[[ TASK DATA, beginning ]]

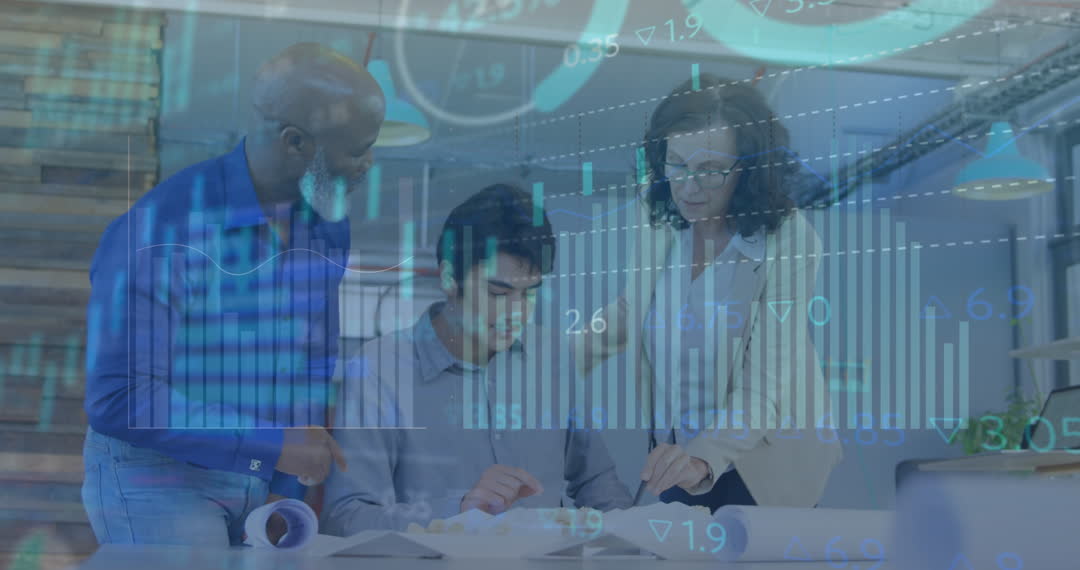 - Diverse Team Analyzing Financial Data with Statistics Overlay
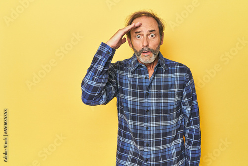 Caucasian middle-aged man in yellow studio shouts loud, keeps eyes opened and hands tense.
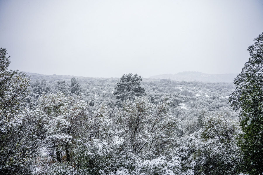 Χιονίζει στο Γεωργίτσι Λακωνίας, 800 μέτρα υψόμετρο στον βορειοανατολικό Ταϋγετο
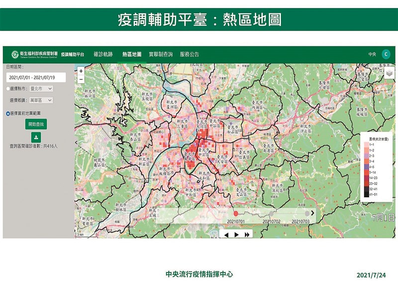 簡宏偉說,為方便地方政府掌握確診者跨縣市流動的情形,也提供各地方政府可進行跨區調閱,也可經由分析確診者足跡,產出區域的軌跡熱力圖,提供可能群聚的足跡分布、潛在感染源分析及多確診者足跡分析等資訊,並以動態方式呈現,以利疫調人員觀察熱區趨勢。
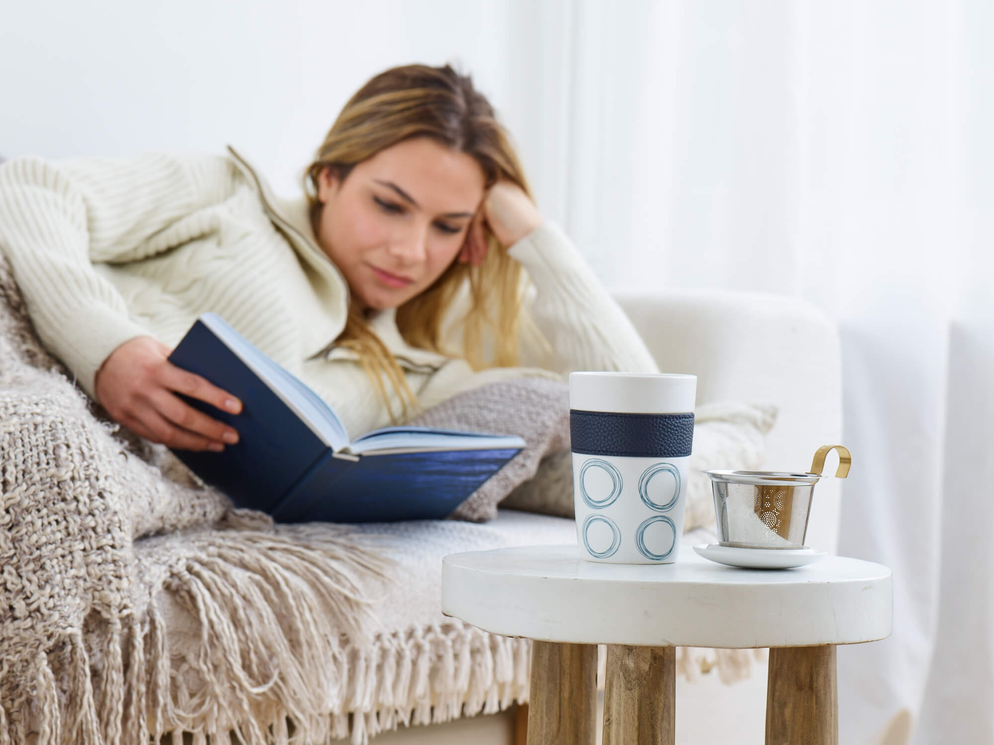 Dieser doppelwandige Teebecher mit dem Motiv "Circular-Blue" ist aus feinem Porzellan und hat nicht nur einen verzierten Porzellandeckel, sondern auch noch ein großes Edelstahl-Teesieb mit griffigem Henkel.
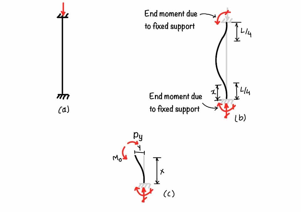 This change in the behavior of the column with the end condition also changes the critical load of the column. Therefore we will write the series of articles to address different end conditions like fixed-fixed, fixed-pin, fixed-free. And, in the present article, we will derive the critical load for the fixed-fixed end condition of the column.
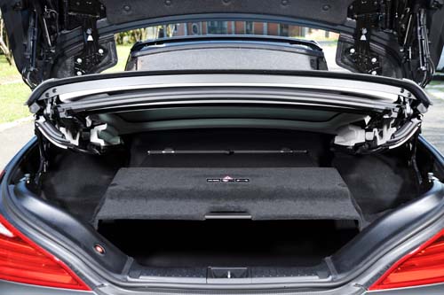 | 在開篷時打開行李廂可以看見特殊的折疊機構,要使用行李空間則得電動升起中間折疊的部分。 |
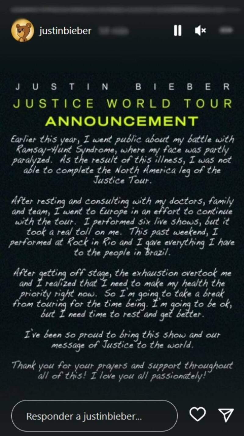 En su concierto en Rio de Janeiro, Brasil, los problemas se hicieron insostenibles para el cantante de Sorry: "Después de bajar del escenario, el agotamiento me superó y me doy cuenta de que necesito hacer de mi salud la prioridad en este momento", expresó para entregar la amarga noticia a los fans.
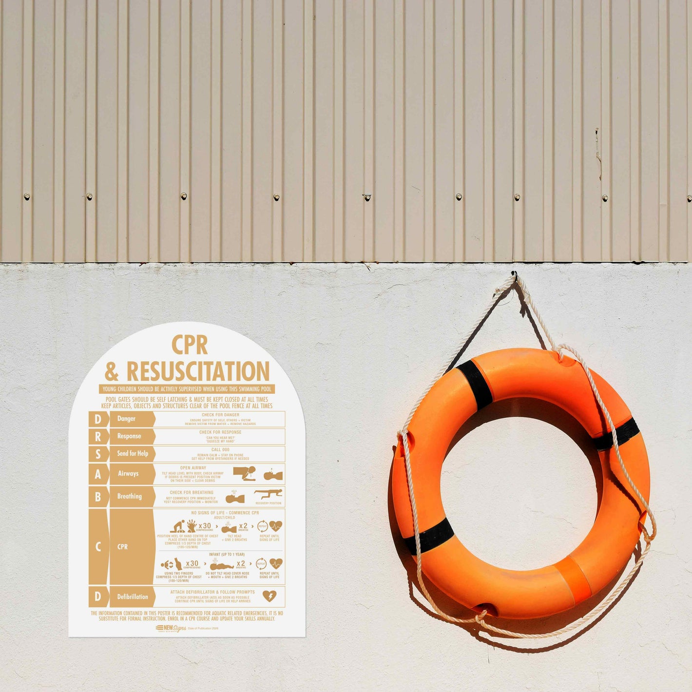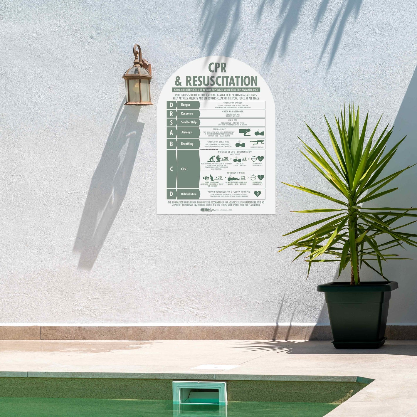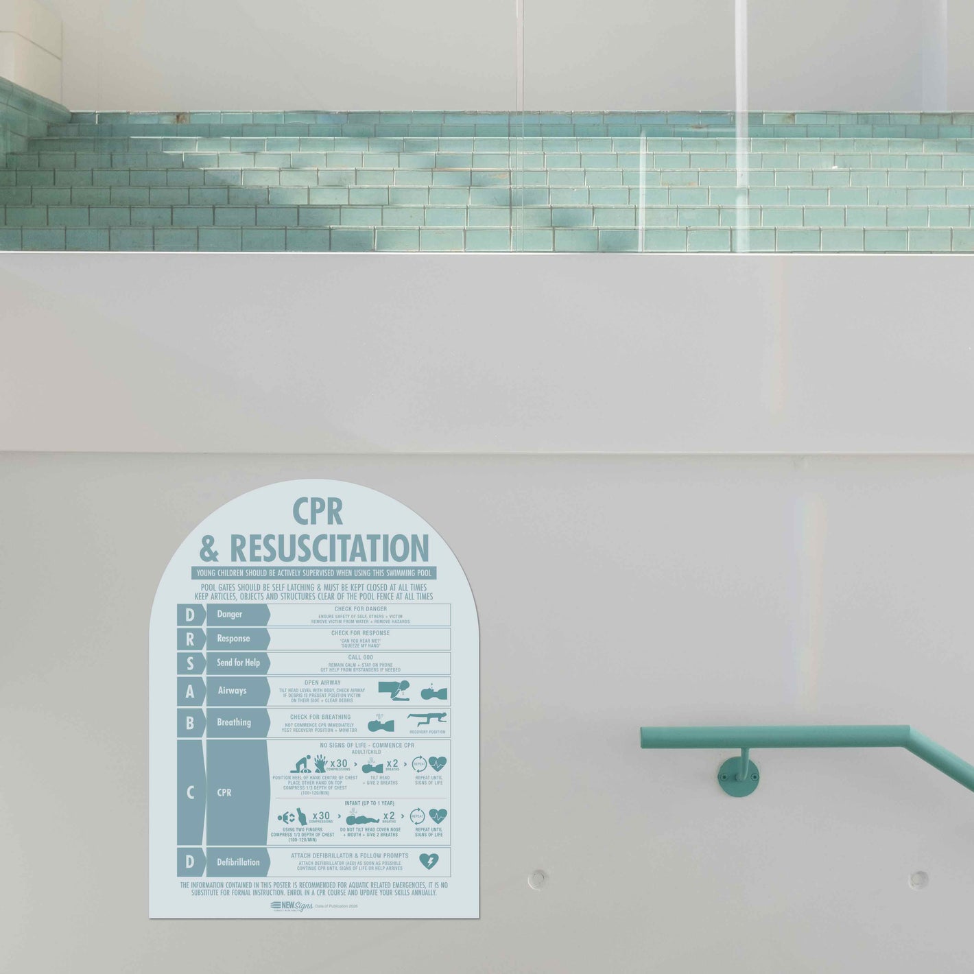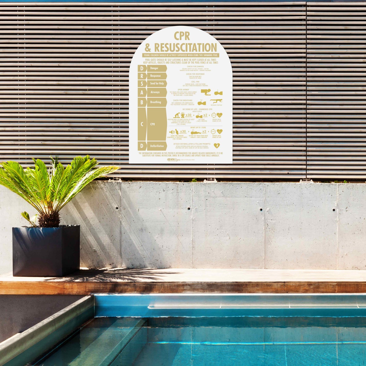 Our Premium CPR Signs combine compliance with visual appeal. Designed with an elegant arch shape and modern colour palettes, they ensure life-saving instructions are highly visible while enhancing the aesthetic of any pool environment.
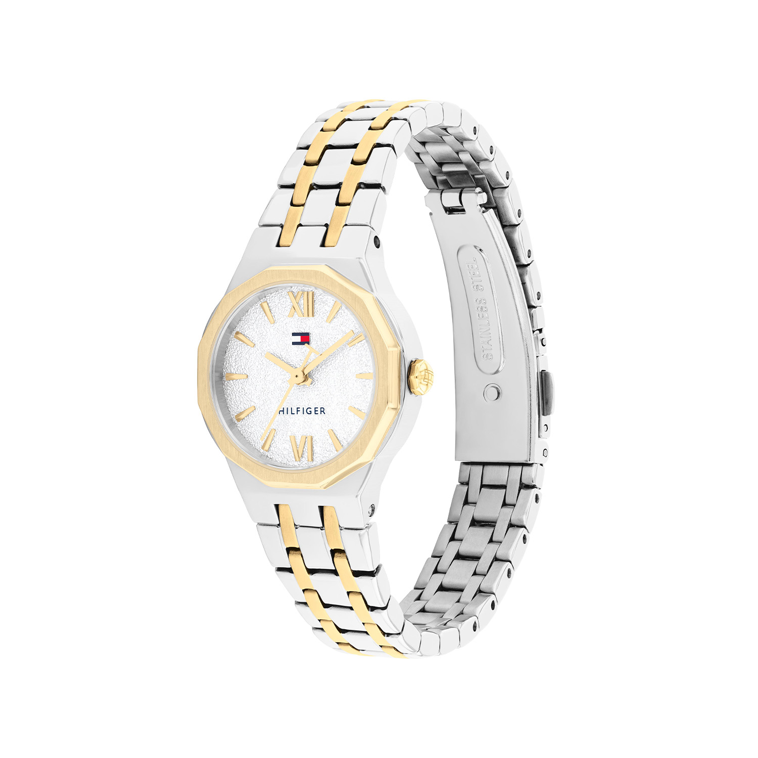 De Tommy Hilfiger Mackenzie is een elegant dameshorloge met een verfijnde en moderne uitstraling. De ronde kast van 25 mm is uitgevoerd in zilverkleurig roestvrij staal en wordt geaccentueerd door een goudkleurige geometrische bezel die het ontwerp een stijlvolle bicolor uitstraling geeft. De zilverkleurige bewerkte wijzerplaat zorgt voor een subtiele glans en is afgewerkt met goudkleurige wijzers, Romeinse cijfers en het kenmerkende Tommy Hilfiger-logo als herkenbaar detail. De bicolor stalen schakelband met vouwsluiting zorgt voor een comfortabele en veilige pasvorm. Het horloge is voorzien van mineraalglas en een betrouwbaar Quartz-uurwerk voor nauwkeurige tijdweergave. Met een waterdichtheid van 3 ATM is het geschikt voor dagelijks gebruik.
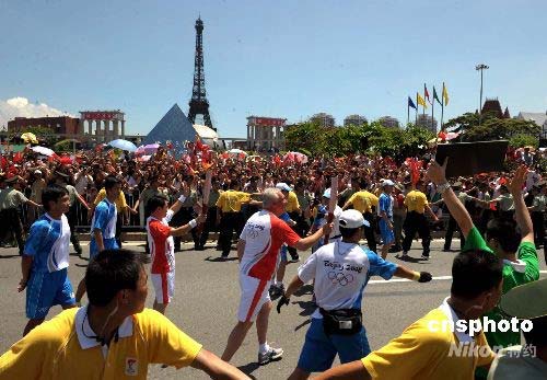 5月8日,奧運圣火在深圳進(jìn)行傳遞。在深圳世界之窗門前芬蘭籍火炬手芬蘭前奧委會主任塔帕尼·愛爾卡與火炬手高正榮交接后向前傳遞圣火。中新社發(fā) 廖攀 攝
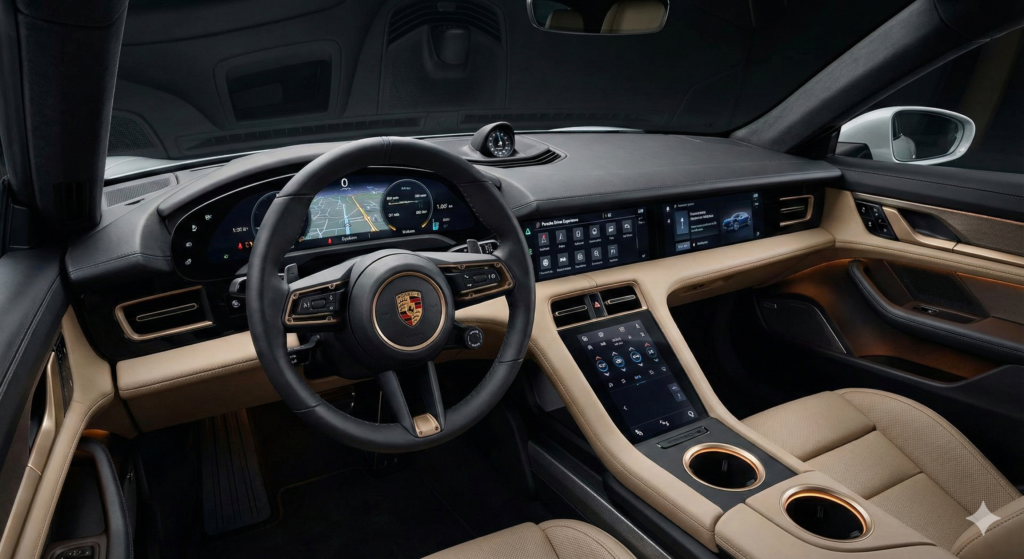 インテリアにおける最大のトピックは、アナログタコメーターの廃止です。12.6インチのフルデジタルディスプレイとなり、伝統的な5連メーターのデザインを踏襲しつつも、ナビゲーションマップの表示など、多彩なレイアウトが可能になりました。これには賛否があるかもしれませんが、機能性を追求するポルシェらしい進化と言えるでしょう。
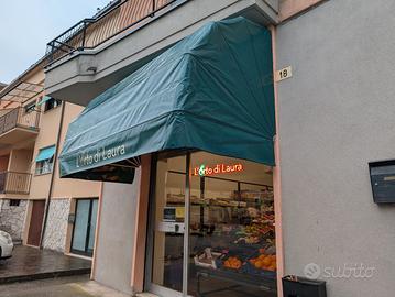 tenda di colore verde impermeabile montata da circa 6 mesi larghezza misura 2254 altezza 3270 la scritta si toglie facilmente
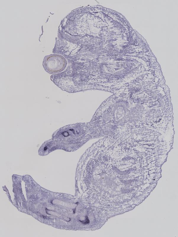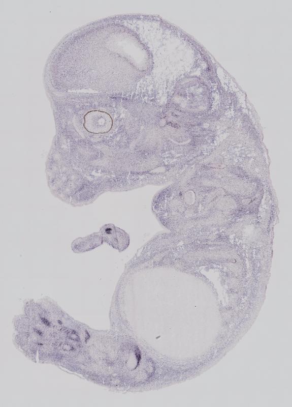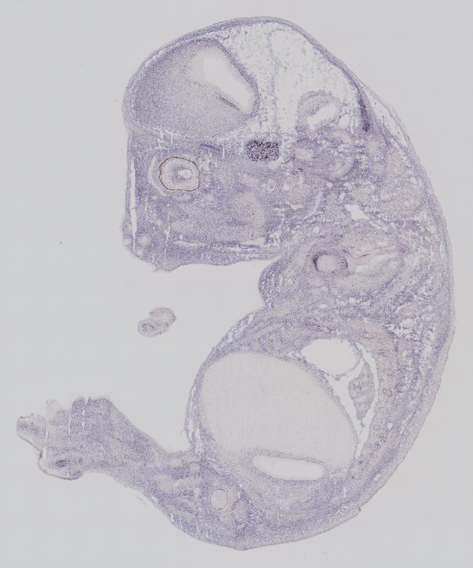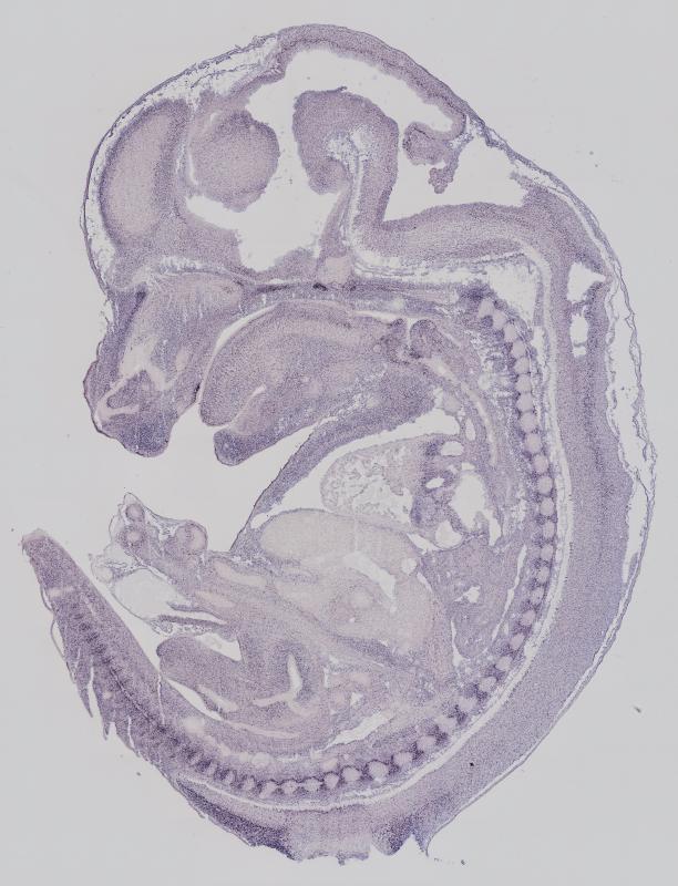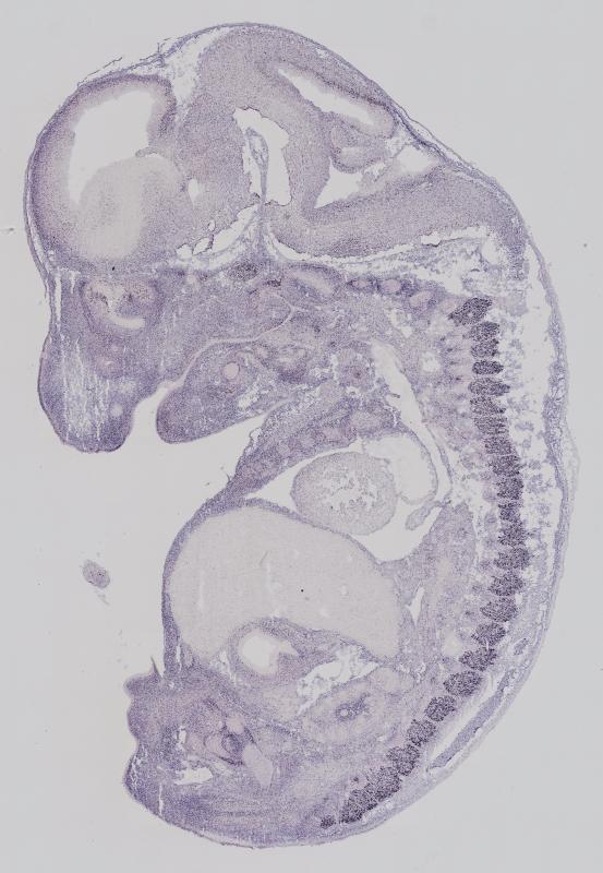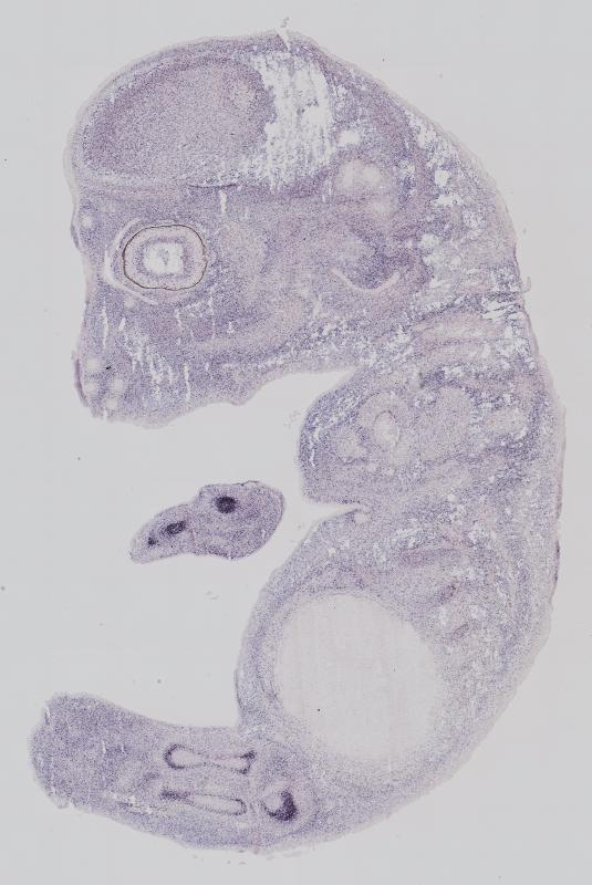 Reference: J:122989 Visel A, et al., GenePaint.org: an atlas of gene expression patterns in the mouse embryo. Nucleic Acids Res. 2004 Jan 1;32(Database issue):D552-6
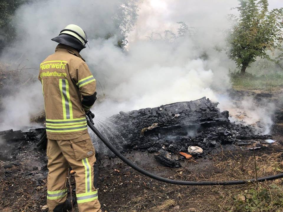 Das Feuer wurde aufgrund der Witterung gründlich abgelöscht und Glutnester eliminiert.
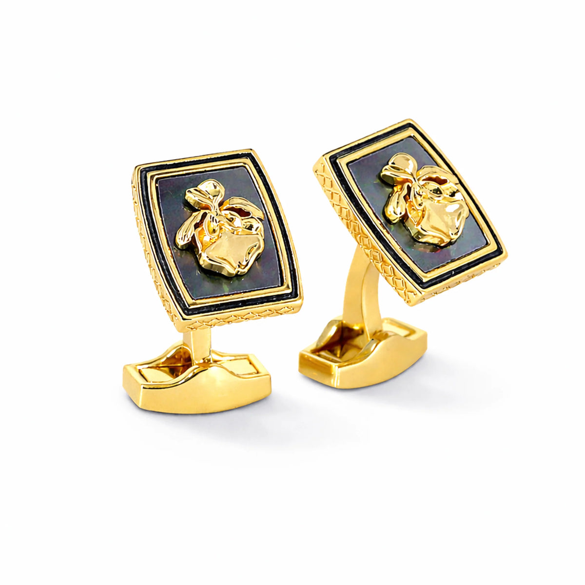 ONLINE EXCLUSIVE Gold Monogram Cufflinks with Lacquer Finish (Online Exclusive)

[[ TASK DATA, end ]]

* THE PROBLEM:
Reprint every record exactly and skip the pictures.

* TASK RESULT:
 - Diverse Team Analyzing Financial Data with Statistics Overlay
 Caucasian middle-aged man in yellow studio shouts loud, keeps eyes opened and hands tense.
 Χιονίζει στο Γεωργίτσι Λακωνίας, 800 μέτρα υψόμετρο στον βορειοανατολικό Ταϋγετο
 簡宏偉說,為方便地方政府掌握確診者跨縣市流動的情形,也提供各地方政府可進行跨區調閱,也可經由分析確診者足跡,產出區域的軌跡熱力圖,提供可能群聚的足跡分布、潛在感染源分析及多確診者足跡分析等資訊,並以動態方式呈現,以利疫調人員觀察熱區趨勢。
 Dieser doppelwandige Teebecher mit dem Motiv "Circular-Blue" ist aus feinem Porzellan und hat nicht nur einen verzierten Porzellandeckel, sondern auch noch ein großes Edelstahl-Teesieb mit griffigem Henkel.
 This change in the behavior of the column with the end condition also changes the critical load of the column. Therefore we will write the series of articles to address different end conditions like fixed-fixed, fixed-pin, fixed-free. And, in the present article, we will derive the critical load for the fixed-fixed end condition of the column.
 | 在開篷時打開行李廂可以看見特殊的折疊機構,要使用行李空間則得電動升起中間折疊的部分。 |
 En su concierto en Rio de Janeiro, Brasil, los problemas se hicieron insostenibles para el cantante de Sorry: "Después de bajar del escenario, el agotamiento me superó y me doy cuenta de que necesito hacer de mi salud la prioridad en este momento", expresó para entregar la amarga noticia a los fans.
 Our Premium CPR Signs combine compliance with visual appeal. Designed with an elegant arch shape and modern colour palettes, they ensure life-saving instructions are highly visible while enhancing the aesthetic of any pool environment.
 De Tommy Hilfiger Mackenzie is een elegant dameshorloge met een verfijnde en moderne uitstraling. De ronde kast van 25 mm is uitgevoerd in zilverkleurig roestvrij staal en wordt geaccentueerd door een goudkleurige geometrische bezel die het ontwerp een stijlvolle bicolor uitstraling geeft. De zilverkleurige bewerkte wijzerplaat zorgt voor een subtiele glans en is afgewerkt met goudkleurige wijzers, Romeinse cijfers en het kenmerkende Tommy Hilfiger-logo als herkenbaar detail. De bicolor stalen schakelband met vouwsluiting zorgt voor een comfortabele en veilige pasvorm. Het horloge is voorzien van mineraalglas en een betrouwbaar Quartz-uurwerk voor nauwkeurige tijdweergave. Met een waterdichtheid van 3 ATM is het geschikt voor dagelijks gebruik.
 5月8日,奧運圣火在深圳進(jìn)行傳遞。在深圳世界之窗門前芬蘭籍火炬手芬蘭前奧委會主任塔帕尼·愛爾卡與火炬手高正榮交接后向前傳遞圣火。中新社發(fā) 廖攀 攝
 インテリアにおける最大のトピックは、アナログタコメーターの廃止です。12.6インチのフルデジタルディスプレイとなり、伝統的な5連メーターのデザインを踏襲しつつも、ナビゲーションマップの表示など、多彩なレイアウトが可能になりました。これには賛否があるかもしれませんが、機能性を追求するポルシェらしい進化と言えるでしょう。
 tenda di colore verde impermeabile montata da circa 6 mesi larghezza misura 2254 altezza 3270 la scritta si toglie facilmente
 Reference: J:122989 Visel A, et al., GenePaint.org: an atlas of gene expression patterns in the mouse embryo. Nucleic Acids Res. 2004 Jan 1;32(Database issue):D552-6
 Das Feuer wurde aufgrund der Witterung gründlich abgelöscht und Glutnester eliminiert.
 ONLINE EXCLUSIVE Gold Monogram Cufflinks with Lacquer Finish (Online Exclusive)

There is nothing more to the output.